Consider this assertion from the Harvard Statement of Interest:
“if [a] bookstore were hosting an author lecture on its website, it would have to provide auxiliary aids and services to participants who are deaf, such as closed captioning.”
Imagine the cost to a small independent bookstore trying desperately to compete with Amazon or chain stores. Creating a web interview with free software is relatively inexpensive and easy. Providing closed captioning would add a cost beyond what many independent bookstores could afford. The same problem extends to blogs that offer free information to the public, and to the vast array of information found on YouTube. One of the great benefits of the internet is that amateurs can master the skills needed to make their opinions known and share their knowledge. The DOJ’s interpretation of the ADA would destroy that benefit, leaving only those with large financial resources able to use the internet to inform and educate. Even an institution like Harvard, which has vast resources, might find it easier to simply shut down its free online education services rather than incur the considerable cost of making all of those services accessible through closed captioning.

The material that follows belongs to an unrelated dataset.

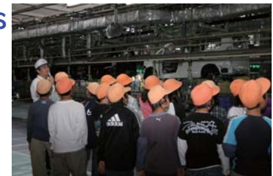
Plant observation tour

Established through a recruiting entrepreneurship, this company comprehensively supports total welfare planning for various needs of an aging society. Through eight sections, which include rentals and sales of care service products, the company is also involved in providing home help, day service, and creating care planning.

Of course to date DOJ has generally taken on only the largest and richest internet content suppliers, leaving the impression, perhaps, that the millions of smaller content providers will escape. Unfortunately, the principles behind DOJ’s attack on Harvard and M.I.T. often apply with equal force to even the smallest internet content providers. The fact that DOJ might exercise some discretion deciding whom to prosecute will be of little comfort once the those who want to kill freedom of expression realize that they can sue small online content providers under the ADA. The “undue burden” exception to the auxiliary services requirement is of no help at all, because application of the exception requires a factual determination, and that cannot be reached without first spending tens of thousands of dollars defending a lawsuit. The effect of the DOJ position is to make free speech a privilege of the rich instead of a right for every citizen.
Accessibility for those with disabilities is an important societal goal, but the ADA was not written to advance that goal without considering the critical value of democratic discourse. The DOJ, as an advocate for the disabled, seems willing thoughtlessly to surrender freedom of expression in the name of accessibility. So far the Courts have resisted, but these recent Statements of Interest make it clear that DOJ has not given up on imposing ADA accessibility requirements on all online content, a result that would certainly stifle freedom of expression, taking away from ordinary citizens the voice the internet gives them, and consolidating the right to free speech to the rich and powerful.